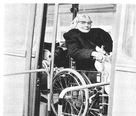
Le sourire timide d'une grand-maman juste avant le départ.
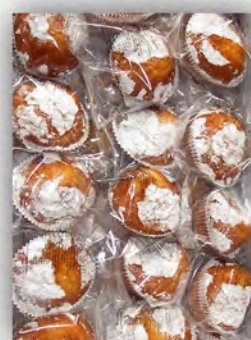
Magdalena de nata San Antón ref: 0646
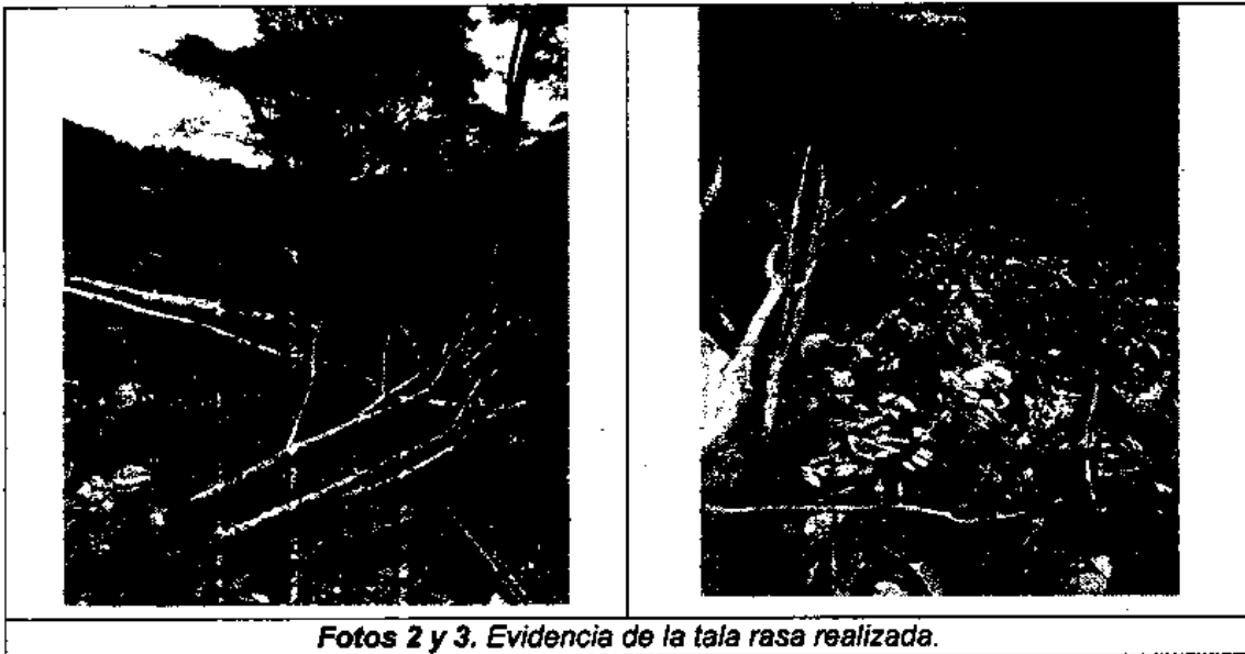
Fotos 2 y 3. Evidencia de la tala rasa realizada.
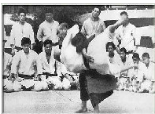
Jigoro Kano wirft Uki Goshi

JUDO ist ein Sport für alle; für Junge und Ältere, für Buben und Mädchen.
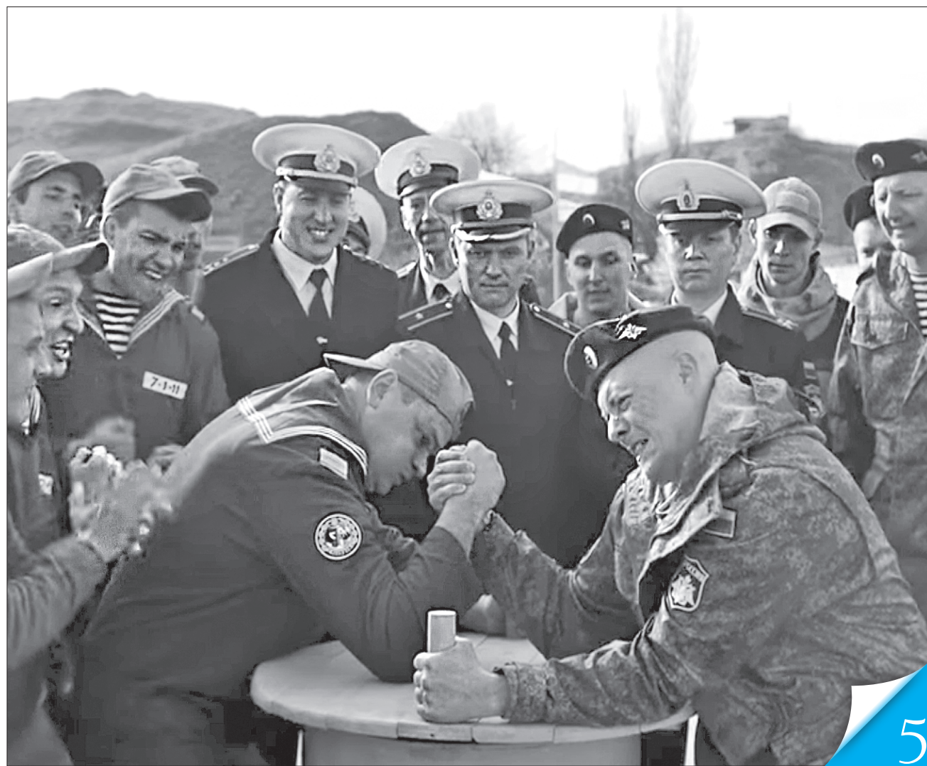
Сюжет для стрічки «Черкаси» підкинула російська окупація Криму, а допомогло втілити Держкіно

ІДИ Й ДИВИСЯ! Про зрілість і сучасність вітчизняного кінематографа свідчить відповідність світовим тенденціям
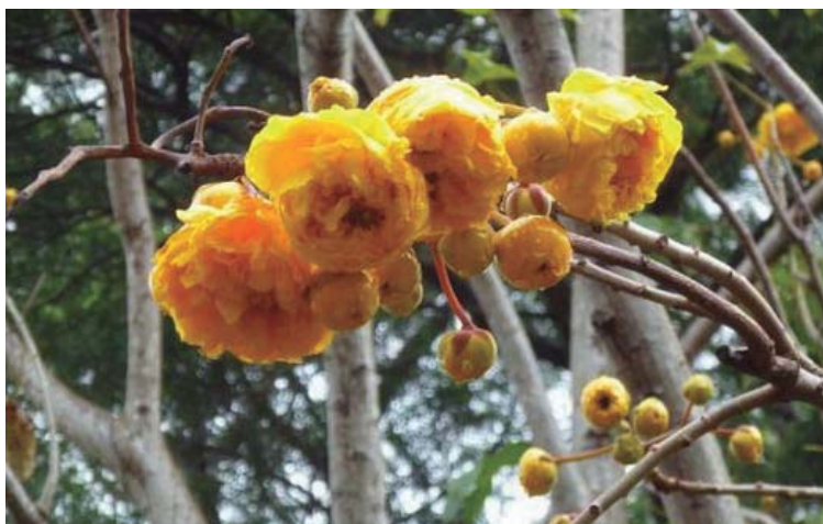
Tema 2012: Flora Brasileira Algodão do Cerrado ( Cochlospermum vitifolium )
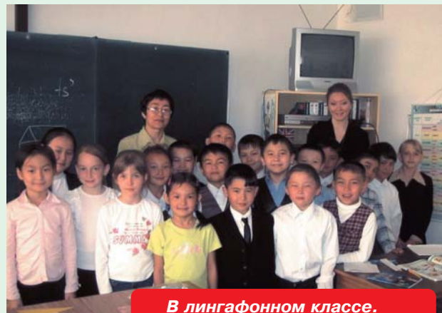
В лингфонном классе.

дущих в Бурлинском районе. Здесь трудятся настоящие профессионалы своего дела, имеющие многолетний стаж по воспитанию детей, а также понимающие всю возложенную на них ответственность. Однако материальная база школы не соответствует уровню развития нашего общества и поэтому учителя школы приходится пользоваться самодельными наглядными пособиями. Особенно это касалось лингфонного кабинета английского языка, который не был оснащен необходимыми техническими средствами, из-за
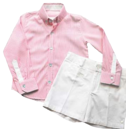
Camisa rosa manga larga + bermuda blanca
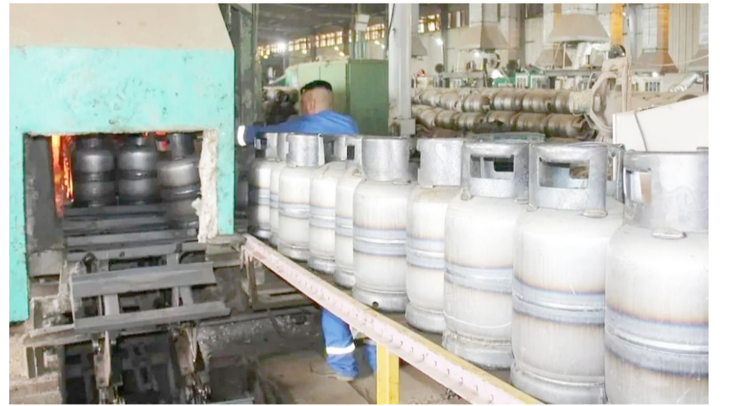
غاز : أسطوانات الغاز في معمل اللانثان
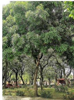
10 Mangifera indica ANACARDIACEAE
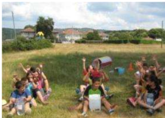
Participantes no campamento de verán
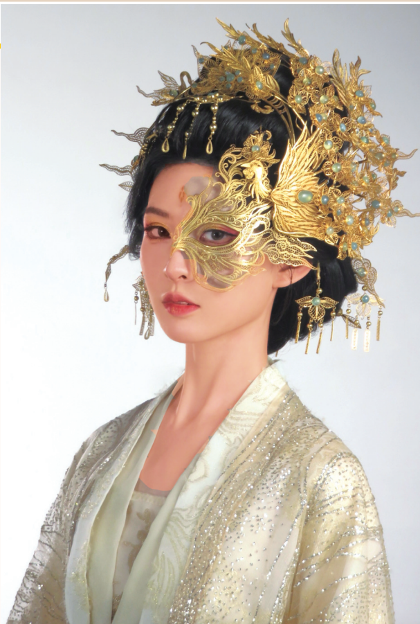
雁鸿制作的《半面妆》头饰。
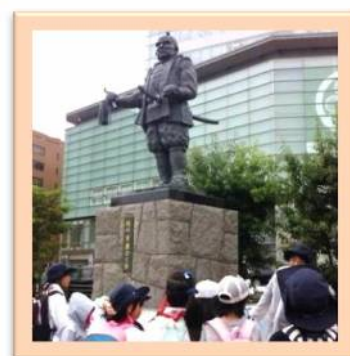
静岡駅前の家康公像
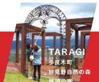
TARAGI 多良木町 妙見野自然の森 展望公園

主催/総務省、全国過疎問題シンポジウム実行委員会 (熊本県、一般社団法人全国過疎地域連盟、全国過疎地域連盟熊本県支部)
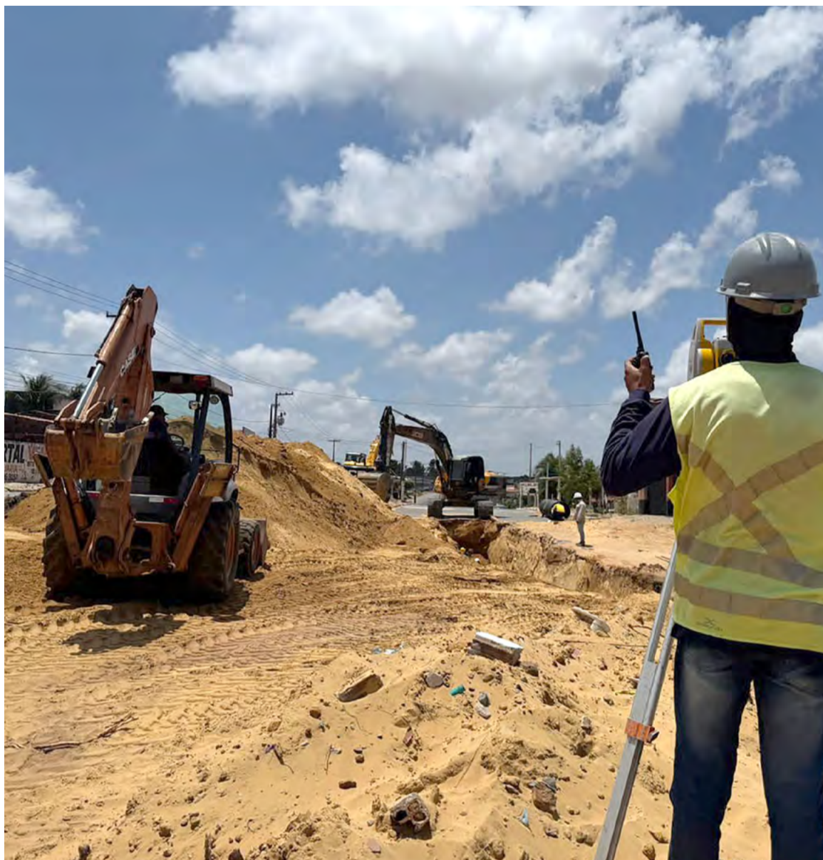
Serviços beneficiarão moradores da ZN e dos municípios limítrofes - SGA e Extremoz
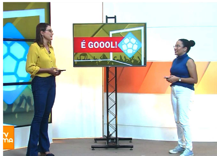
Em pauta, análises, curiosidades e os momentos mais marcantes do Mundial, aproximando ainda mais o público da emoção desta Copa do Mundo
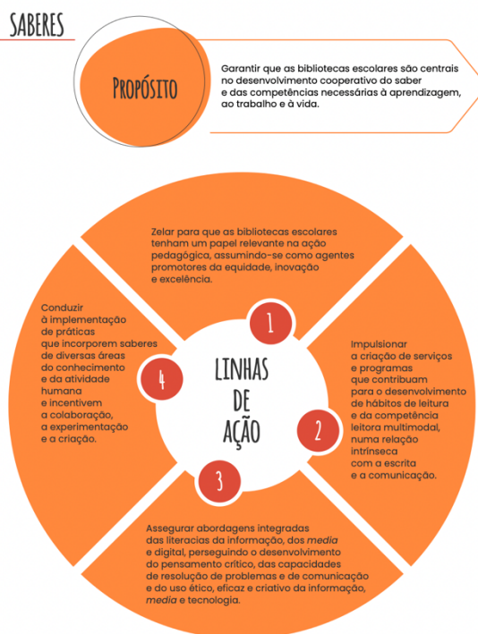
Figura 7. Linha de Ação: Saberes

O objetivo de “garantir que as bibliotecas escolares são centrais no desenvolvimento cooperativo do saber e das competências necessárias à aprendizagem, ao trabalho e à vida” é, quando aliado à posição frágil da biblioteca escolar no processo educativo e à falta de força na escola, difícil. Neste documento, a RBE põe a biblioteca a encabeçar ações como “impulsionar a criação de serviços e programas”, “assegurar abordagens integradas das literacias da informação, dos media e digital” e “conduzir à implementação de práticas que incorporem saberes de diversas áreas do conhecimento”, mas omite uma parte que consideramos importante: como e com que recursos deve ser feita esta implementação.
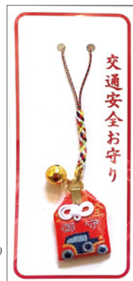
36A 交通安全お守り (赤) 初穂料 各 700 円
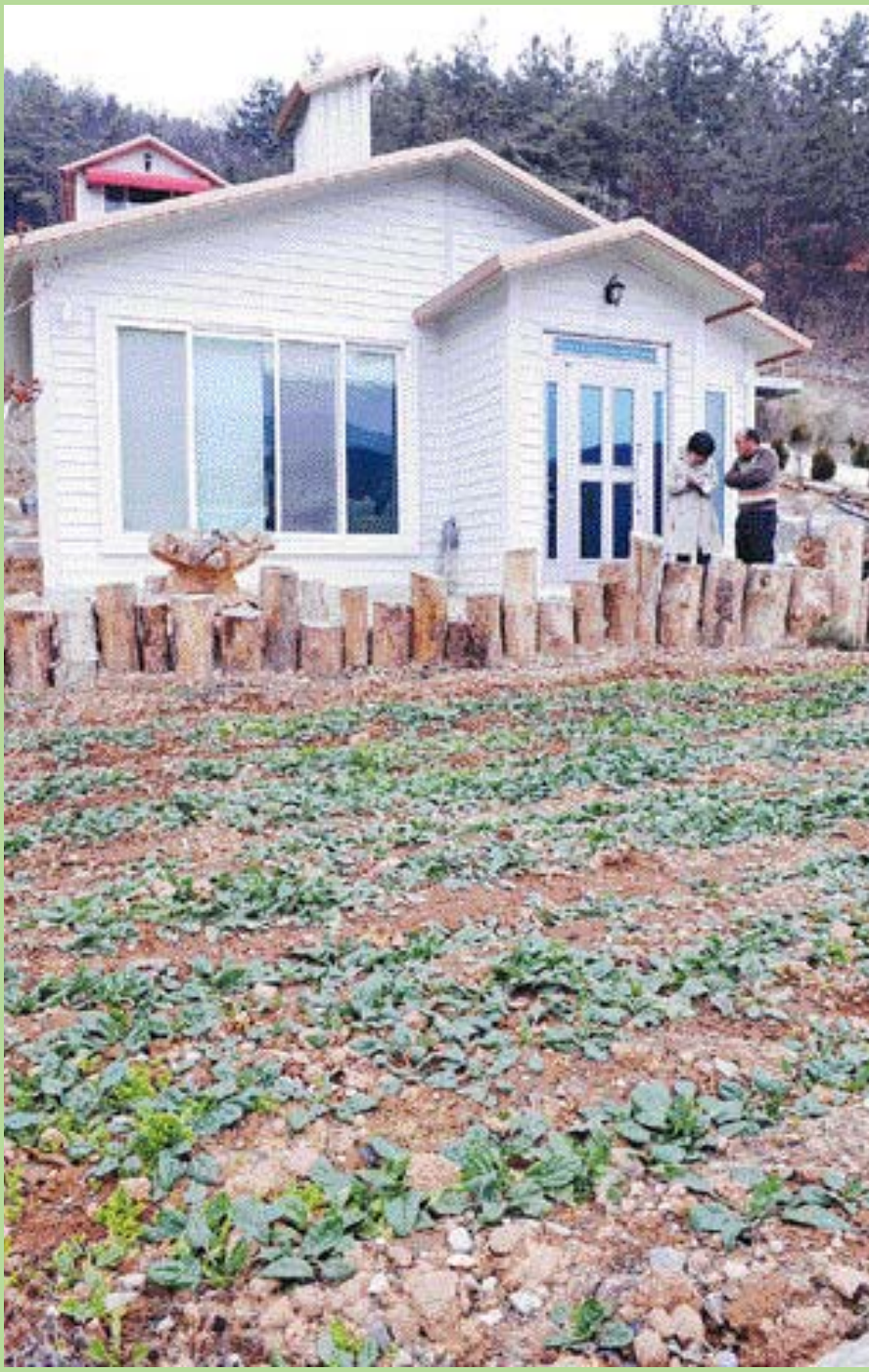
집 앞마당에는 66㎡(20평) 크기의 텃밭도 조성돼 있어 각종 채소를 직접 재배할 수 있다.
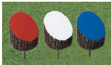
179 擬木ティマーク 110Φ×45×110Hmm 擬木製 50mmステンレス製足 色:赤、白、青、黄、金、黒、ピンク
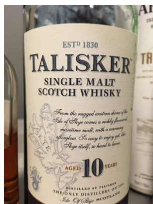
Nr.4 Talisker 10 år 46%
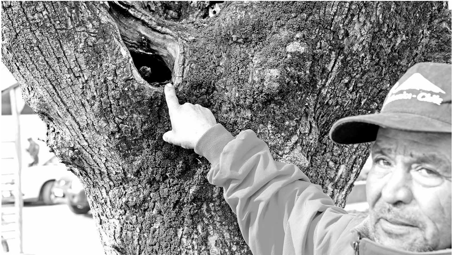
EL LUSTRABOTAS asegura que ha visto los roedores esconderse en los árboles.
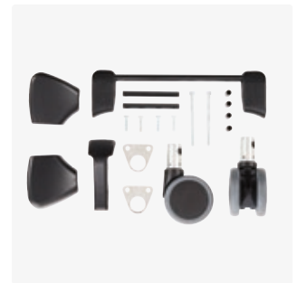
Asennuskitti jalallakäyttävään keskusjarruun 890012-x
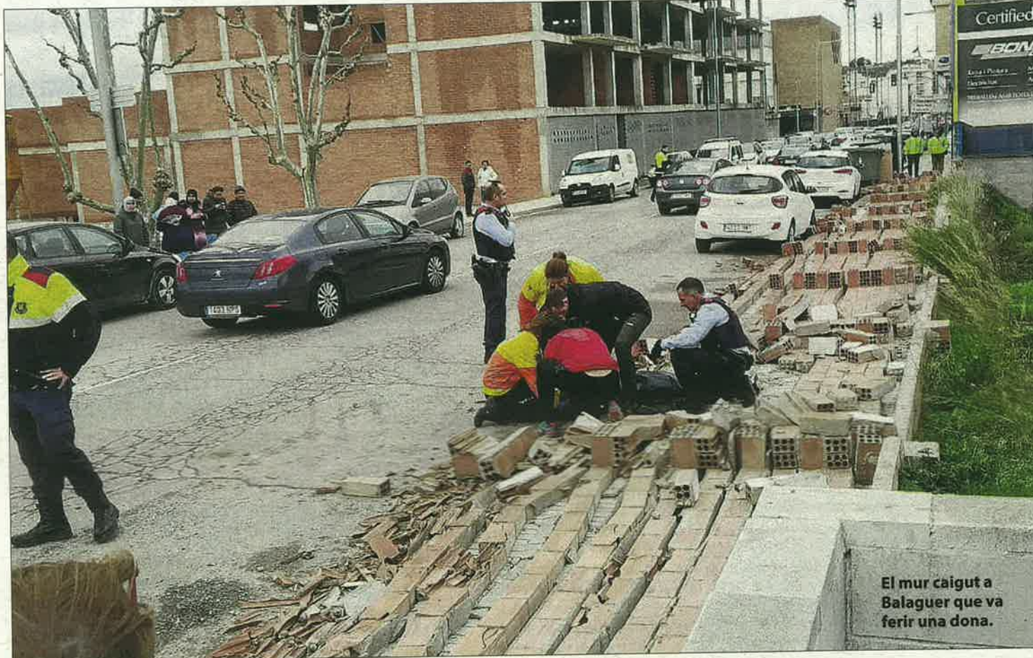
PAERIA DE BALAGUER
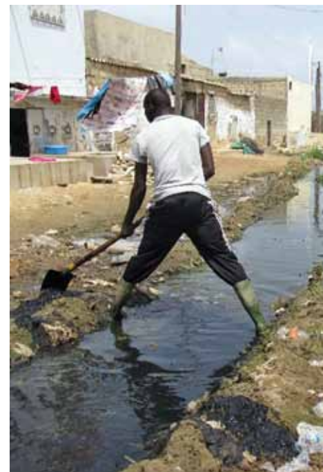
La Brigade des Jeunes contre les Inondations, à Guinaw Rail, à Dakar, au Sénégal
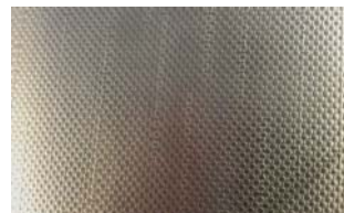
Exempel rostfri dekor 9

Synliga stålvaror och dylikt för dörrmaskineri ovan dörrar ska täckas med plåt mot skadegörelse. Dörrmaskinerier/ bärenheter
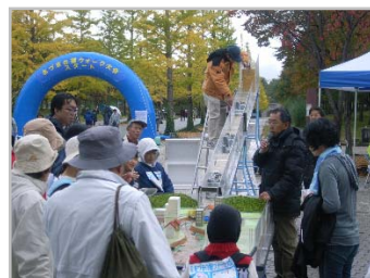
多くの参加者に体験していただきました。
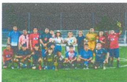
Apoyo en premiación en la Final del Torneo de Futbol Rápido en la Zona Elotera en la Comunidad de San Pedro Peralta
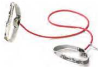
Con asas flechibles 1,4 m.
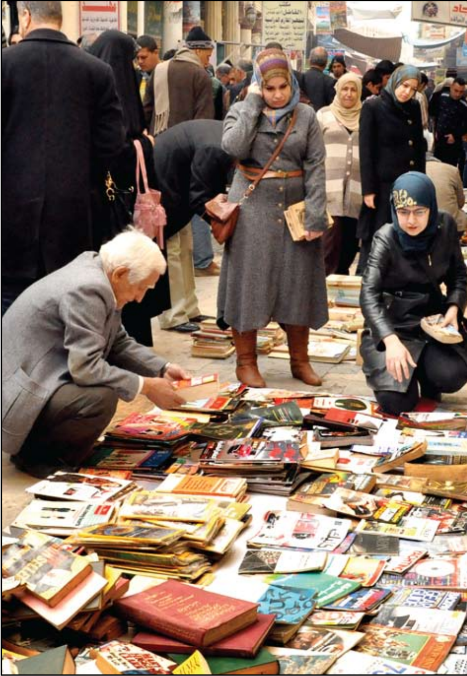
روداد شارع المتنبي عند إحدى بسطات بيع الكتب أمس...
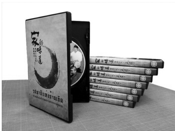
ภาพที่ 13 ซีดีสารคดีสั้นเรื่อง “รสชาติแห่งบ้านเกิด”
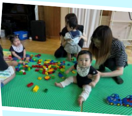
みんなでなかよくあそんだよ♡
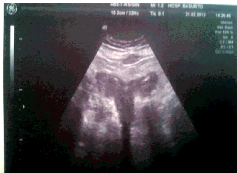
Figura 3. El vaciado parcial de la piometra pone en evidencia un útero bicorne.

que reveló, durante las últimas fases de la evacuación, la existencia de un útero bicorne. (Figura 3).
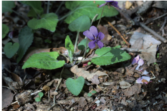
アカネスミレ (茜堇)
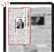
日経電子版 紙面ビューアー
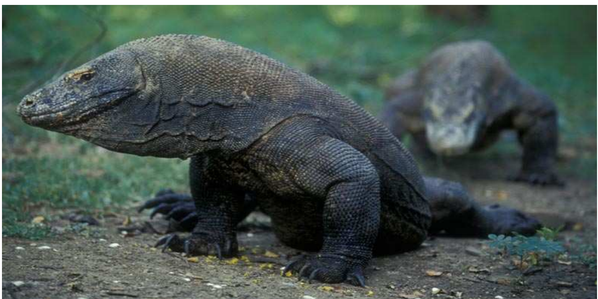
Text: Alexandra Bürger

YOUR INSTRUCTIONS: Quote the data above exactly from the line with "Tema 2012: Flora" to the line with "Nr.4 Talisker 10 år 46%", both ends counted, and nothing else. Pictures don't go in.

PROBLEM SOLUTION:
Tema 2012: Flora Brasileira Algodão do Cerrado ( Cochlospermum vitifolium )
В лингфонном классе.

дущих в Бурлинском районе. Здесь трудятся настоящие профессионалы своего дела, имеющие многолетний стаж по воспитанию детей, а также понимающие всю возложенную на них ответственность. Однако материальная база школы не соответствует уровню развития нашего общества и поэтому учителя школы приходится пользоваться самодельными наглядными пособиями. Особенно это касалось лингфонного кабинета английского языка, который не был оснащен необходимыми техническими средствами, из-за
Camisa rosa manga larga + bermuda blanca
غاز : أسطوانات الغاز في معمل اللانثان
10 Mangifera indica ANACARDIACEAE
Participantes no campamento de verán
雁鸿制作的《半面妆》头饰。
静岡駅前の家康公像
TARAGI 多良木町 妙見野自然の森 展望公園

主催/総務省、全国過疎問題シンポジウム実行委員会 (熊本県、一般社団法人全国過疎地域連盟、全国過疎地域連盟熊本県支部)
Serviços beneficiarão moradores da ZN e dos municípios limítrofes - SGA e Extremoz
Em pauta, análises, curiosidades e os momentos mais marcantes do Mundial, aproximando ainda mais o público da emoção desta Copa do Mundo
Figura 7. Linha de Ação: Saberes

O objetivo de “garantir que as bibliotecas escolares são centrais no desenvolvimento cooperativo do saber e das competências necessárias à aprendizagem, ao trabalho e à vida” é, quando aliado à posição frágil da biblioteca escolar no processo educativo e à falta de força na escola, difícil. Neste documento, a RBE põe a biblioteca a encabeçar ações como “impulsionar a criação de serviços e programas”, “assegurar abordagens integradas das literacias da informação, dos media e digital” e “conduzir à implementação de práticas que incorporem saberes de diversas áreas do conhecimento”, mas omite uma parte que consideramos importante: como e com que recursos deve ser feita esta implementação.
36A 交通安全お守り (赤) 初穂料 各 700 円
집 앞마당에는 66㎡(20평) 크기의 텃밭도 조성돼 있어 각종 채소를 직접 재배할 수 있다.
179 擬木ティマーク 110Φ×45×110Hmm 擬木製 50mmステンレス製足 色:赤、白、青、黄、金、黒、ピンク
Nr.4 Talisker 10 år 46%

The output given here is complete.